- WHAT TO DO
Type out the lines below exactly, pictures excluded.

- GIVEN MATERIAL
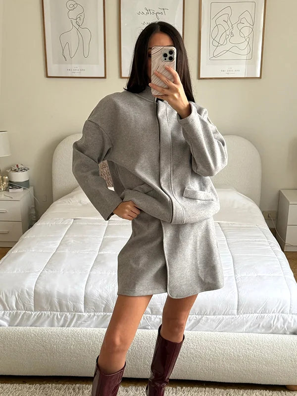 Estrené este conjunto gris y me encantó su caída limpia y el diseño minimalista. La chaqueta tiene un corte amplio muy cómodo y la falda mantiene una silueta sofisticada sin perder movilidad.
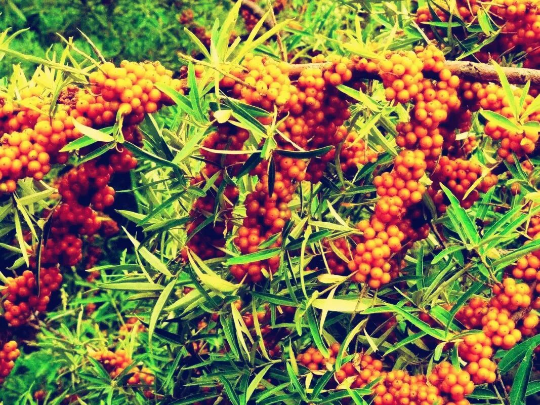 The fruit of sea buckthorn, a close relative of pyracantha fruit, " Sand Fixation Guard ", its fruit appearance is somewhat similar to that of pyracantha fruit. Pyracantha fruit is orange, with very high vitamin C content and full of vitamin C. Seabuckthorn juice is very popular 。
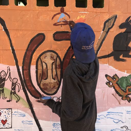 The program brought together many of the students to create their own mural inspired by the school's values, pukurl-pukurlpa, yulkanjaku, and jintangka. While it is difficult to translate from Warlpiri to English the exact meaning, the sentiment of these words talk about being proud, being happy, caring for each other and together as one.

- RESPONSE BOX
 Estrené este conjunto gris y me encantó su caída limpia y el diseño minimalista. La chaqueta tiene un corte amplio muy cómodo y la falda mantiene una silueta sofisticada sin perder movilidad.
 The fruit of sea buckthorn, a close relative of pyracantha fruit, " Sand Fixation Guard ", its fruit appearance is somewhat similar to that of pyracantha fruit. Pyracantha fruit is orange, with very high vitamin C content and full of vitamin C. Seabuckthorn juice is very popular 。
 The program brought together many of the students to create their own mural inspired by the school's values, pukurl-pukurlpa, yulkanjaku, and jintangka. While it is difficult to translate from Warlpiri to English the exact meaning, the sentiment of these words talk about being proud, being happy, caring for each other and together as one.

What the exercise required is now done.